"Mbak Kaia nanti siang free?" Begitu isi pesan yang baru diterima Kaia dari Uswa.
Tak ingin repot-repot mengetik, perempuan itu menyentuh ikon gagang telepon. Pada dering kedua, panggilannya langsung diangkat, dan mulai terdengar suara Uswa mengucap salam di seberang.
"Wa'alaikumussalam, Wa," jawab Kaia, "abis Zuhur gue ngajar anak-anak nih, kayak biasa. Ada apa?"
"Ini loh Mbak, undangan buat anak-anak kampung lo. Undangan per wilayah udah diambil sama koordinator masing-masing, tinggal wilayah lo yang undangannya masih di rumah gue. Soalnya Danar gue hubungin katanya masih di kampus dan baliknya sore. Padahal hari ini udah harus kesebar semua undangannya. Soalnya kan acara pelantikan tinggal besok malem."
"Gini deh, abis ngajar nanti gue langsung ke rumah lo buat ambil surat, terus gue bagiin. Jam 3-an paling." Sambil menggulir mousepad laptop baby pink-nya, mata Kaia tak lepas dari deretan huruf di monitor. "Soalnya kalau sekarang nggak memungkinkan, masih ngejar target kerjaan ini, deadline Zuhur."
"Oke, nggak apa-apa. Ntar kalau mau ke rumah gue, kabarin dulu ya, Mbak. Kali aja gue lagi nggak di rumah."
"Siap. Udah dulu ya Wa, assalamu'alaikum." Panggilan terputus begitu Uswa membalas salam.
Baru saja meletakkan ponsel kembali ke atas meja samping laptop, benda pipih itu berdering.

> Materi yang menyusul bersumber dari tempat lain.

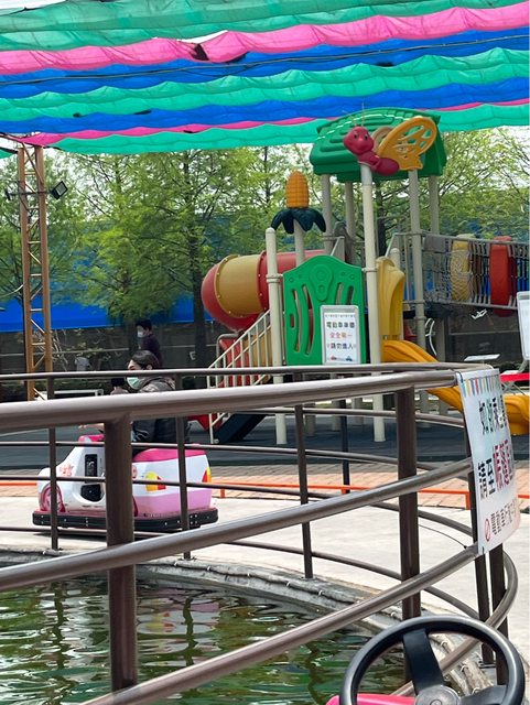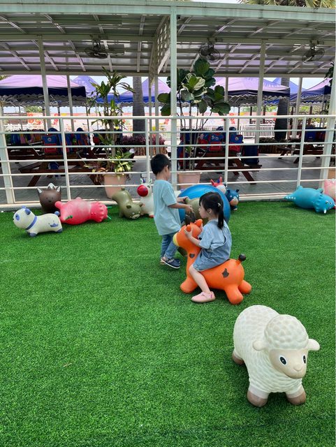 遊戲區種類多樣、溜滑梯、造型搖搖馬、滑草、沙坑、還有付費的小汽車區,寶貝們充分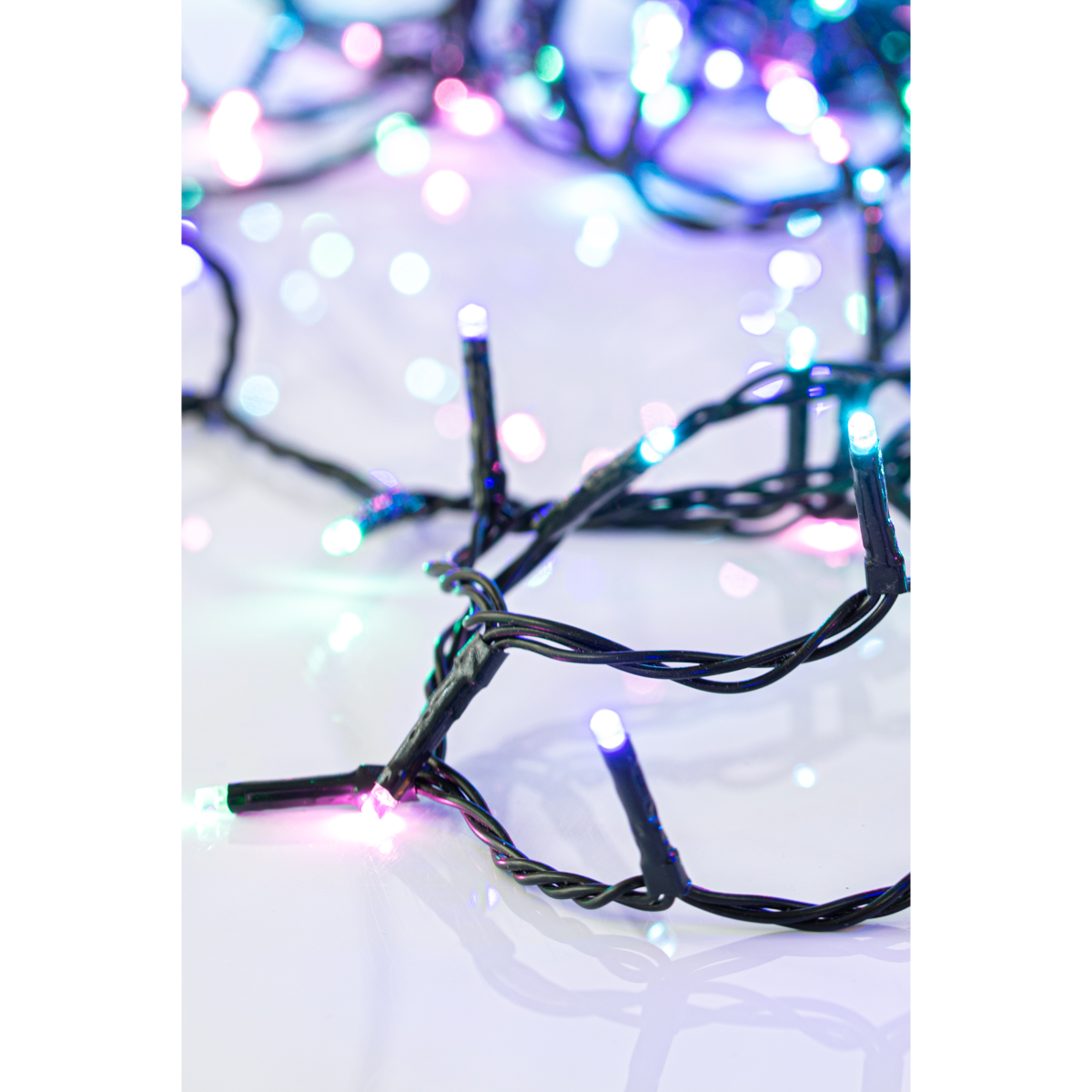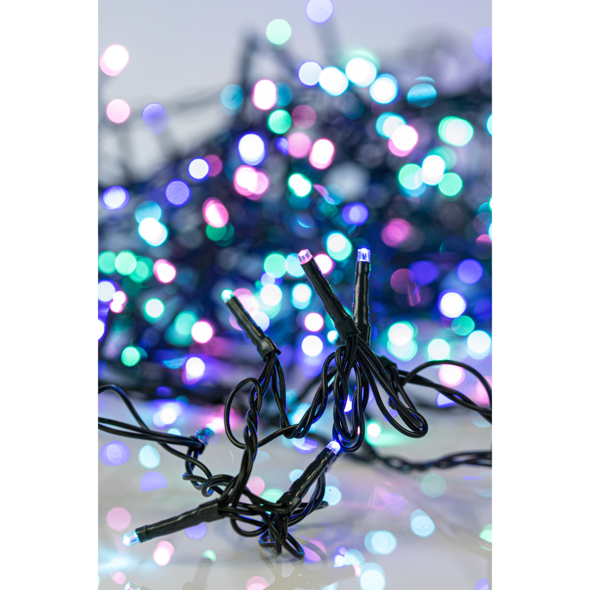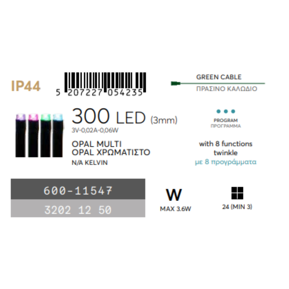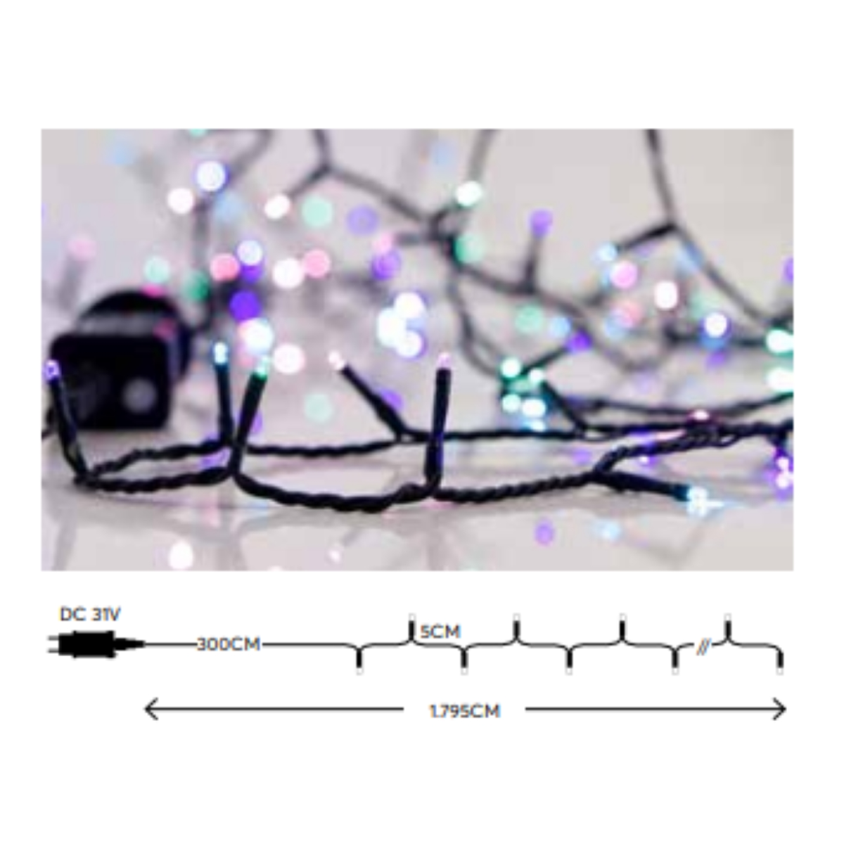 Az Eurolamp innovatív fényfüzére kiválóan alkalmas különböző rendezvények, családi ünnepek kiegészítő dekorálására. A 300 db opál színes LED mesébe illő hangulatot kölcsönöz otthonába és karácsonykor, akár az év többi napján is kellemes hangulatot áraszt környezetében. A 14.95 méter hosszú fénysoron elhelyezkedő LED izzók közötti távolság csak 5 cm, így tovább növeli a fényfüzér hangulatának és színeinek intenzitását. A fényfüzér adapterén lévő gomb segítségével 8 különböző fényjáték közül választhat, még szebbé téve a meghitt pillanatokat. Kültéren és beltéren egyaránt használható az IP44 védelem miatt. Az IP44 védelem miatt a fényfüzért kültéren csak fedett helyen használja, ahol csapadék közvetlen nem éri. A tápegység tartozéka a doboznak. A tápvezeték hossza 3 méter.

Kaia langsung memejamkan mata dan mengembuskan napas kesal. "Siapa sih, astaga!"
Meski begitu, perempuan tersebut tetap meraih ponsel miliknya dan melihat nama si pemanggil: Mas Ugra Hayyin, begitu yang tertulis di sana. Tentu, meskipun Kaia biasa memanggil Ugra tanpa embel-embel "Mas", tetapi untuk nama kontak ia selalu menuliskan bagaimana adanya ia menghormati orang tersebut. Lagipula, ia terlalu malas mengganti nama kontak seseorang meski situasi berubah.
Kaia mengangkat panggilan ogah-ogahan, lagi-lagi pekerjaannya terinterupsi. "Assalamu'alaikum, ada apa?"
Suara di seberang tak terlalu jelas untuk sesaat meski Kaia tahu Ugra membalas salamnya. Seperti suara seseorang yang tengah mengendarai motor, penuh gemuruh.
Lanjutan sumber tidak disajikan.